I dug into the disk usage of both the vector fields (which both contain the 10M vectorized images using 512-dimensions) thinking maybe the fields are bigger than I think and I didn’t give enough memory to the pod hosting it to have all the fields in memory, and while for 10M 512 dimensioned assets the BBQ compression vector looks about right in size with a rescore of 3 built-in, the int8 is just off the chart. That seems like the combined total of uncompressed vectors and compressed vectors.
"image_vector_bbq": {
"total": "1.3gb",
"total_in_bytes": 1443088252,
"knn_vectors": "1.3gb",
"knn_vectors_in_bytes": 1443088252
},
"image_vector_int8": {
"total": "26.4gb",
"total_in_bytes": 28400884275,
"knn_vectors": "26.4gb",
"knn_vectors_in_bytes": 28400884275
},
Is this normal behavior?
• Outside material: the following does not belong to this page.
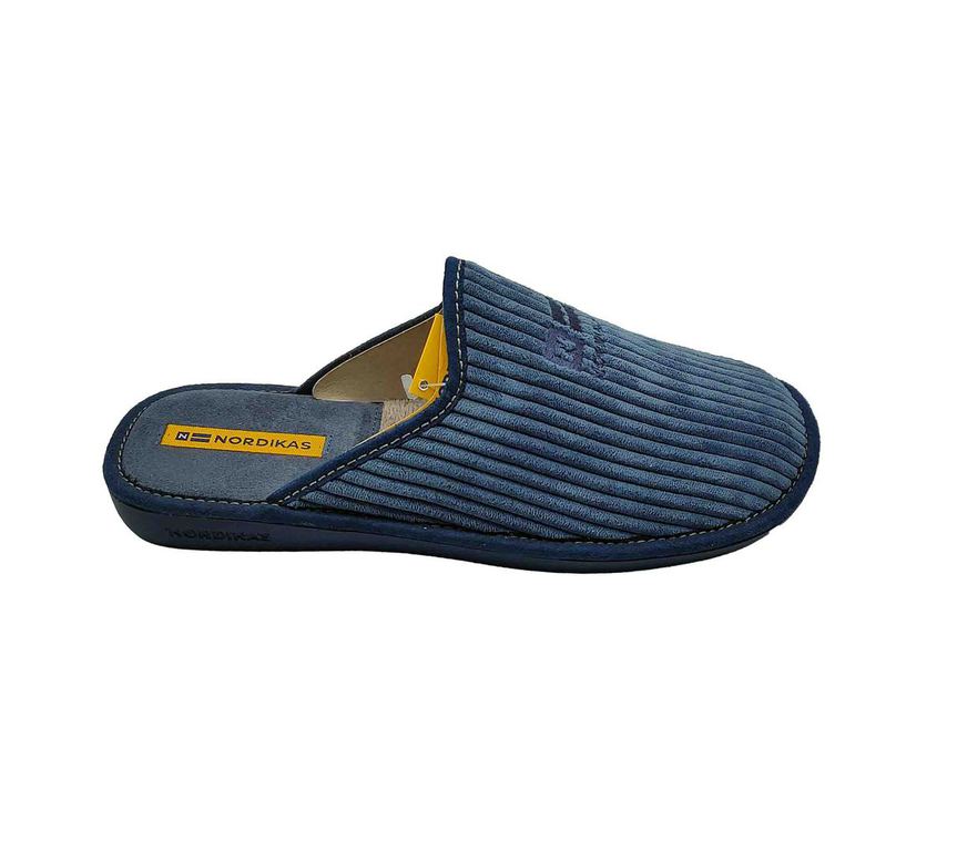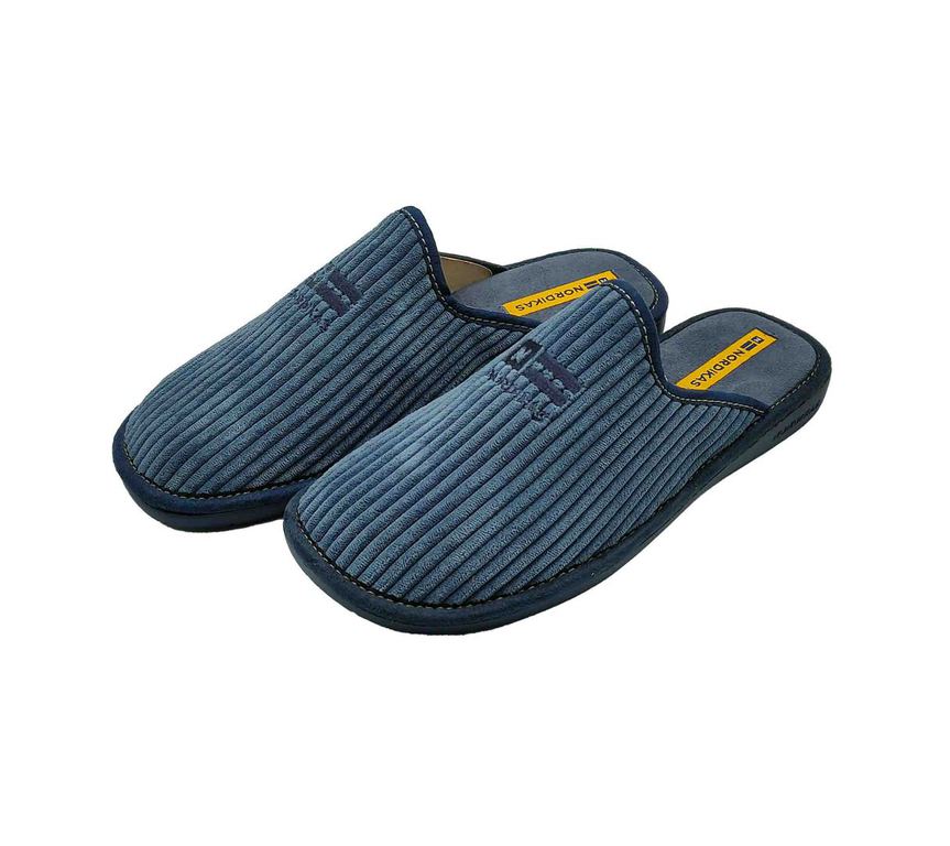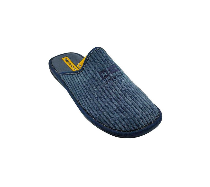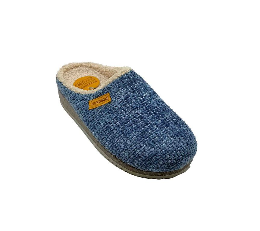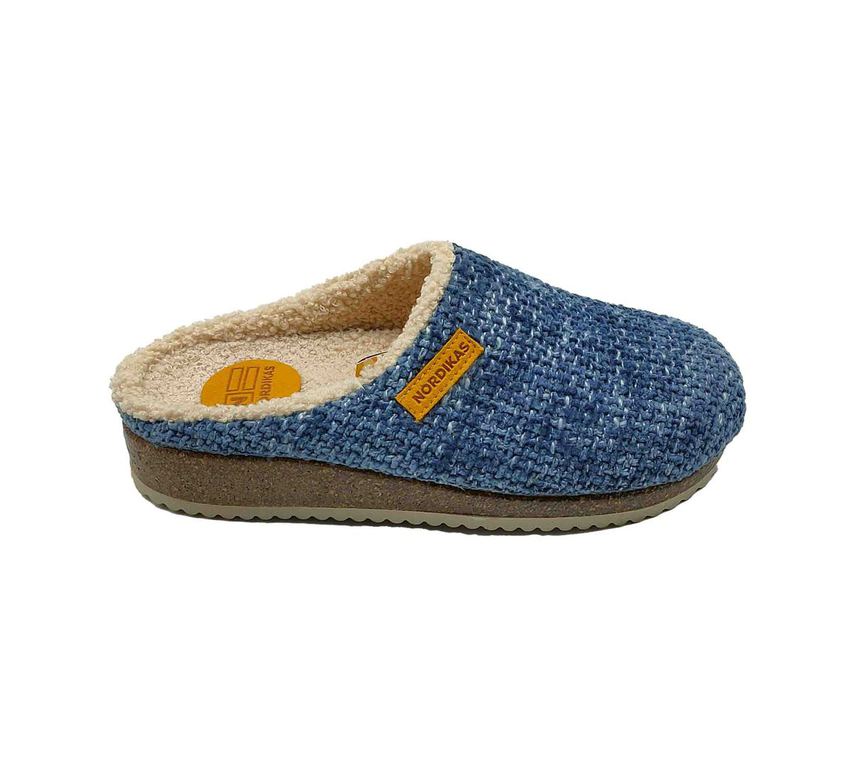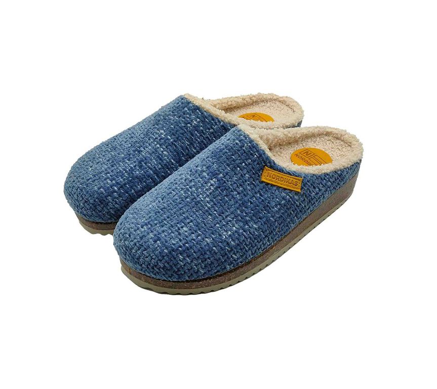 Acogedoras zapatillas de casa NORDIKAS en tejido azul con interior de suave borreguito, pensadas para máximo confort. Forro cálido y diseño envolvente que aportan bienestar en los días fríos. Suela firme y ligera, perfecta para moverse por casa con comodidad. ¡El aliado ideal para relajarse con estilo en invierno! #ZapatillasNordikas #ConfortInvernal #EstiloEnCasa

I couldn’t find any way to further break down this number via the documentation, off the top of my head since it is only in one and not the other, I’m leaning towards not normal. Just looking to see if maybe the reason its so slow is that its for whatever reason trying to load 26.4gb into memory when only 10GB is allocated to the application with a 5GB heap size. I do realize the heap size may need to inch up a bit as theoretically both compressed vectors combined sizes using the estimations are likely in the 6-7 GB range. Regardless, my understanding was that the non-compressed vectors are supposed to be stored on disk and inflate the _source size but not be stored within the int8 compressed vector field.
For extra context, our kNN search is using a k of 30, a num_candidates of 200, and a rescore of 20. It’s definitely bigger than the k=8-10 I’ve seen around, so thats also a possible cause of the slowdown, but I’m trying to get rid of any core architecture possibilities before modifying the query.